Lex Greensill Exits Billionaire Ranks as His Empire Unravels

Lex Greensill has a new title: ex-billionaire.

Greensill Capital’s fight for survival means the fortune of its founder and chief executive officer has plummeted just months after his London-based firm was seeking a $7 billion valuation.

Greensill, 44, who grew up on a farm in Australia, founded the company a decade ago after starting his finance career at Morgan Stanley and Citigroup Inc. He rose into the ranks of the ultra-rich by revamping the humdrum business of supply-chain finance -- the short-term corporate debt that helps speed up payments between businesses.

SoftBank Group Corp.’s Vision Fund injected $1.5 billion into the firm during 2019. At its peak, the company was worth more than $3.5 billion with customers in almost 200 countries and a fleet of aircraft, including a Gulfstream G650 and two Piaggio turboprops. Greensill and his family owned at least a third of the firm at the end of 2019, according to regulatory filings.

Rapid Rise

Greensill’s rapid rise opened doors, with the firm’s representatives holding more than a dozen meetings with U.K. government officials since 2016, filings show. David Cameron’s coalition government appointed Greensill to help it cut wasteful spending and the former prime minister later joined the firm as an adviser.

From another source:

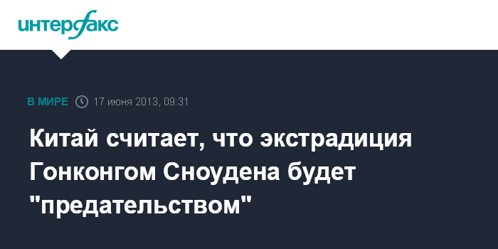 Китай считает, что экстрадиция Гонконгом Сноудена будет "предательством"

Greensill’s efforts to disrupt a niche part of global finance were derailed when credit insurance backing some of his firm’s loans lapsed, eventually forcing Credit Suisse Group AG to freeze a $10 billion group of client funds that bought the debt. The Swiss bank said on Friday it will close it down.

SoftBank’s Vision Fund wrote down the value of its Greensill stake at the end of 2020, and is weighing dropping the valuation to almost zero, according to people with knowledge of the matter. The firm’s woes are also putting pressure on industrialist Sanjeev Gupta, who expanded his global empire rapidly with funding help from Greensill.

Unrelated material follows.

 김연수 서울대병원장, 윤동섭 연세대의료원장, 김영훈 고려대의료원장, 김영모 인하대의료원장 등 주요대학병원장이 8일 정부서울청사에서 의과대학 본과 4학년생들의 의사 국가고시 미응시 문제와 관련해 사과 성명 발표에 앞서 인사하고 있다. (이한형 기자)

The company is now in the process of filing for insolvency in the U.K., people with knowledge of the matter have said, while Germany’s financial watchdog, BaFin, has shuttered its banking subsidiary and asked law enforcement officials to investigate accounting irregularities at the lender.

Greensill said in a statement late Wednesday that it had received “extensive advice,” from law firms in the U.K. and Germany, “which informed the way in which the assets were classified.” The company also said that it immediately complied after BaFin advised it late last year and early this year that it didn’t agree with its accounting.

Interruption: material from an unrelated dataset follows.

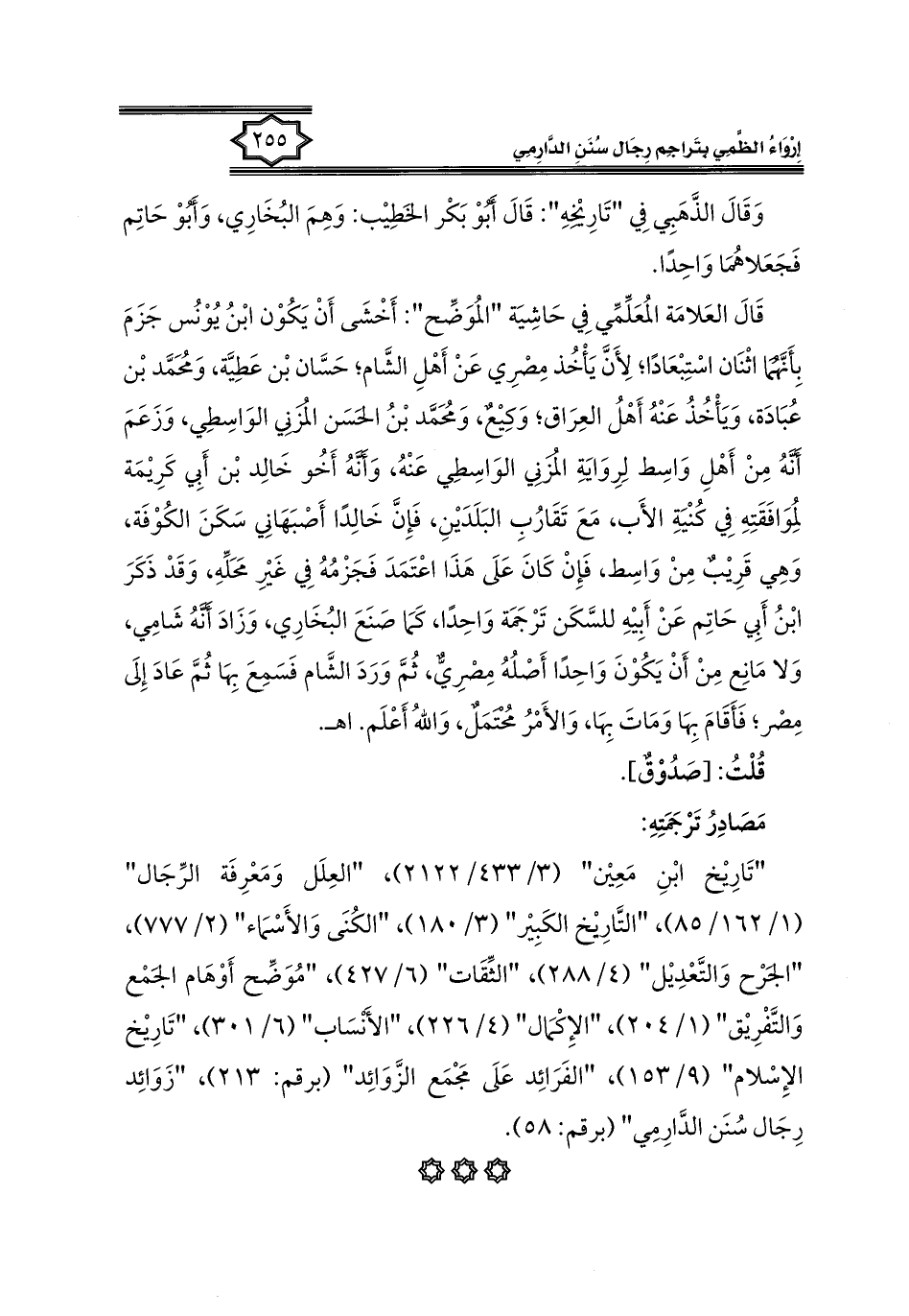 كتاب إرواء الظمي بتراجم رجال سنن الدارمي

As recently as late last year, his firm was talking up its growth plans ahead of the company eventually becoming public.

While the eponymous firm made up the bulk of his fortune, Greensill and his family still own an agricultural business that’s one of Australia’s biggest sweet potato growers. His brother, Peter, helped to provide funds to set up Greensill Capital.

“I recognized that big institutions can’t necessarily adopt technology at pace and the world isn’t going to wait around for banks to figure everything out,” Greensill said in an interview last year with the Wharton Fintech Podcast. “I decided that I thought I could do it better.”